Her mother's rejection dented their frayed relationship further. But she has positive memories of living with her father. School finished at midday because the air conditioning was broken and it was too hot, so she spent the afternoons swimming and riding. But she was lonely because all the other diplomats' children were at boarding school and it wasn't the norm to mix with local children.

A year later she found herself back in north London and at Camden School for Girls which, she says, was the making of her.

For the first time in her life she knew she would be at school for more than two years and it was here she met lifelong friends Sophie Muller, now a successful director of pop videos, and Sue Holt, a north London textile designer.

The girls all came from divorced, dysfunctional homes at a time when single parent families were still frowned upon. They stuck together, enjoying the punk music of the 1970s and revelling in being school rebels.

But Ms Weir's shenanigans at school did not go unnoticed, which was problematic for her mother, who was a teacher there.

"I was frequently suspended and although I'm not proud of it today, I was proud when my mother told me that she could not hold her head up in the staff room," she recalls.

"I thought, 'well if I've reached those levels of notoriety, then I'm home and dry'."

Leaving school with two O-levels and three A-levels, she auditioned for drama schools up and down the country. To her bitter disappointment, almost everyone rejected her and she remembers "sobbing particularly hysterically" when the Central School of Speech and Drama said no.

Around this time, she was singer in the band Bazooka Joe which featured one Stuart Goddard before he became Adam Ant.

Eventually the North Middlesex Poly, which used to be in Golders Green, accepted her for a two-year course, but it wasn't exactly plain sailing afterwards.

It took a further 10 years of auditions, minor parts, rejections and a part-time job working for Haringey councillor Nicky Gavron before she landed a role in Harry Enfield.

It was through this that she met Paul Whitehouse and Charlie Higson, who created the Fast Show.

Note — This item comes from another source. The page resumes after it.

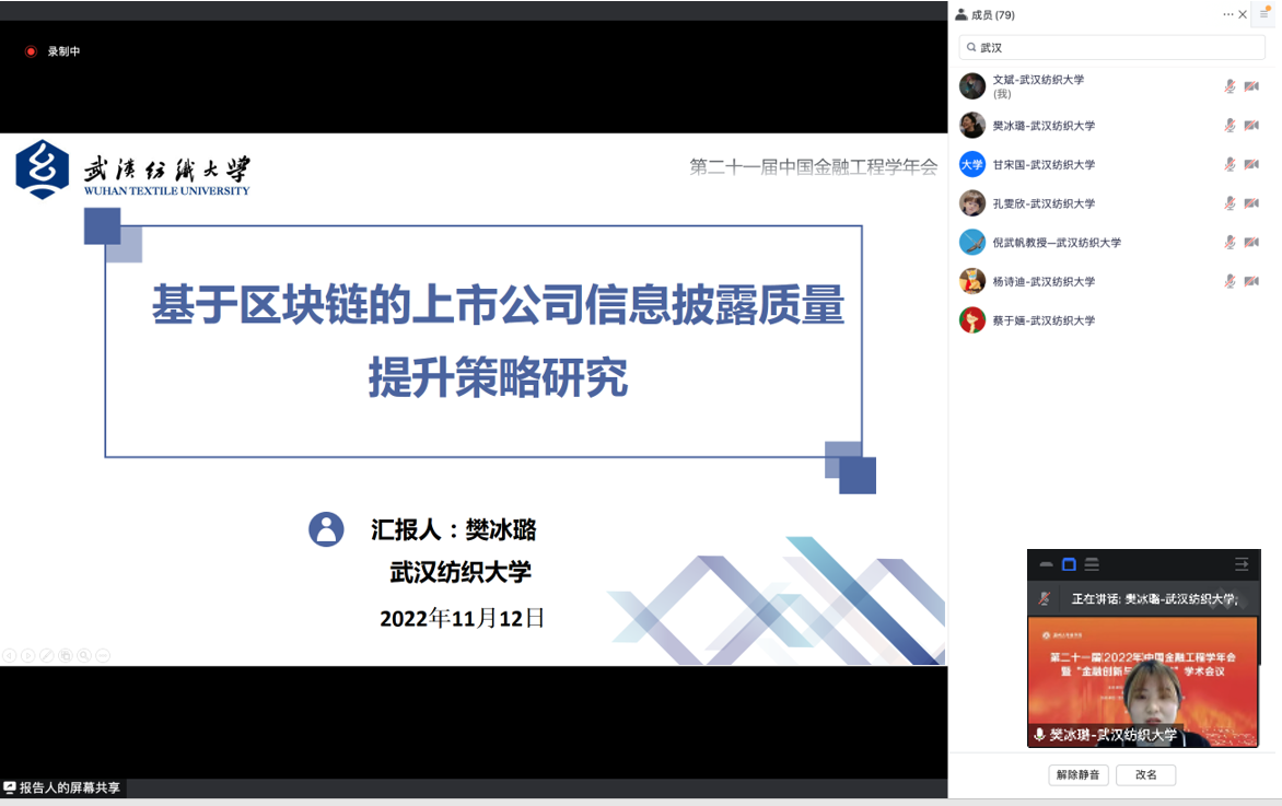 倪武帆教授与研究生文斌、樊冰璐等共同完成的学术论文《基于区块链的上市公司信息披露质量提升策略研究》成功入选,并受邀参加本届年会,樊冰璐代表项目团队在学术论坛上作了主题报告和发言。11月12日下午,樊冰璐在主题为“资本市场与风险投资”的分会场进行了项目研究的成果展示,并就相关研究的背景、方法、技术路线、实证结论等内容作了专题报告。该研究成果以提升企业信息披露质量为目的,揭示了影响信息披露质量的因素,剖析了重要信息虚假披露、负面信息隐瞒披露、无效信息过度披露等诸多信息披露质量问题,提出了运用去中心化技术、分布式账本、智能合约技术、溯源时间戳等对策。樊冰璐的报告精炼、流畅,得到了与会专家的一致好评。同时,樊冰璐还作为点评嘉宾,点评了《金融工程“优质数字金融科技人才”跨专业培养模式的研究》专题报告,在点评分析环节中,结合公司实践,樊冰璐分享了yl23455永利在本科层次有关金融科技方向、CFA方向、金融学双学位的办学经验,在公司产品过程中充分运用中信证券研究生工作站、长江成长资本股份有限公司研究生工作站、金融数学研究院(筹)等学术平台、实践实训平台提升培养质量的创新做法,得到与会专家学者充分肯定和积极评价。

The success of the cult sketch show hinged upon the fact that viewers were able to identify the cast as caricatures of everyday life.

Ms Weir's Insecure Woman appeared in a variety of different locations exclaiming: 'Does my bum look big in this?'

The role also gave her both the financial and emotional security she had spent much of her adult life searching for.

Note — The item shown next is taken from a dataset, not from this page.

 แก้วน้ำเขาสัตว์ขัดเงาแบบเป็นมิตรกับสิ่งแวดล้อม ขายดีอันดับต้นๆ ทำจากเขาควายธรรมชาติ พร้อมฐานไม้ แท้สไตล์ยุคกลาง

But it was undergoing therapy which really helped her to off-load much of the emotional baggage which had burdened her.

"Therapy allowed me to realise that I was not different from everyone else, which is how I'd felt for much of my life. It made me feel good in my own skin and shoes," she said.

Meeting and marrying Jeremy Norton, a scientist and carpenter who is 12 years her junior, also helped her put her demons to rest.

Although still a successful actor and columnist for The Guardian and Independent, much of her time is devoted to the couple's children Isabella, 10, and Archie, eight.

She also gives copious amounts of time and energy to their primary school, Ashmount, and is actively campaigning to relocate it to an idyllic spot on Crouch Hill.

The current building is falling down and has been deemed not fit for purpose.

"It goes back to my point about Brown and the Heat generation," she says. "Just because the building is in disrepair, doesn't mean that children won't get top drawer teaching there - the building tells you nothing about the quality of education."

Then, with a tug on her unfashionable shopping trolley, she braces the summer heat and disappears down Crouch End Broadway.